As a follow-up question, would the claim still be true if I replaced the field with an arbitrary field of characteristic $0$, or is it also necessary for the field to be algebraically closed?
Best Answer
One little fact that will help resolve this is that $\dim(H)=rank(\Phi)$, the rank of the root system.
Now the rest is done by a look at the classification of root systems. If we don't have that ready, we can even get by with just the low-dimension / low-rank cases by hand:
A root system of rank $\ge 3$ must contain at least six roots (a basis and their negatives), so in this case we would already have $rank(\Phi)+\lvert \Phi\rvert \ge 9$ (usually much larger in fact, but dimension $9$ indeed occurs for $\mathfrak{sl}_2\oplus \mathfrak{sl}_2 \oplus \mathfrak{sl}_2$).
Root systems of rank $2$ are implicitly classified at the beginning of every lecture on root system when one discusses the relations which two roots can have to each other.
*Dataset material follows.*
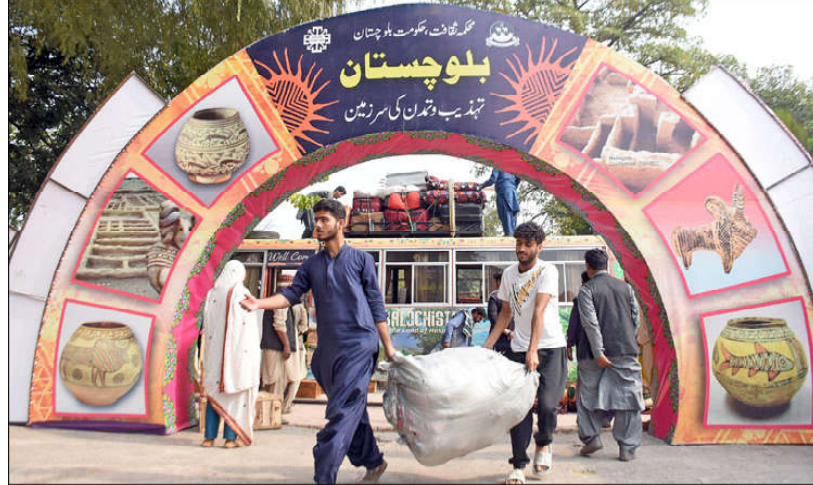
ISLAMABAD: Baloch stall holders carrying Balochi traditional items for displaying on their stall in connection with Lok Mela title "Focusing on the Youth of Pakistan" start on 8 November at Lok Virsa, in the Federal Capital.

Turns out the possibilities are $A_1 \times A_1, A_2, B_2=C_2$, and $G_2$; while the first indeed contains four roots and describes the semisimple, six-dimensional $\mathfrak{sl}_2 \oplus \mathfrak{sl}_2$, all the others contain $\ge 6$ roots and thus correspond to Lie algebras of dimension $\ge 2+6 =8$ (actually, $A_2$ corresponds to the $8$-dimensional $\mathfrak{sl}_3$, and $B_2=C_2$ to the $10$-dimensional $\mathfrak{so}_5 \simeq \mathfrak{sp}_4$; the dimension of the exceptional Lie algebra of type $G_2$ is $14=2+12$).
There's only one root system of rank $1$: $A_1$, which corresponds to the $3$-dimensional $\mathfrak{sl}_2$. So there's nothing that could make up a semisimple Lie algebra of dimension $4,5,$ or $7$ (or dimension $1$ or $2$, for that matter;
I'd think the next non-occurring dimension is $11$, edit: As Jason DeVito and Dietrich Burde point out in comments (thanks!), actually all higher dimensions do occur.)The above implicitly assumed that we work over an algebraically closed field of characteristic $0$. As YCor points out in a comment, this is enough to conclude for any base field $k$ of characteristic $0$. Namely, if $L$ is a semisimple Lie algebra over $k$ of $k$-dimension $n$, and $K\vert k$ is any field extension, then the scalar extension $L\otimes_k K$ is a semisimple Lie algebra of $K$-dimension $n$. Apply to an algebraic closure of $k$.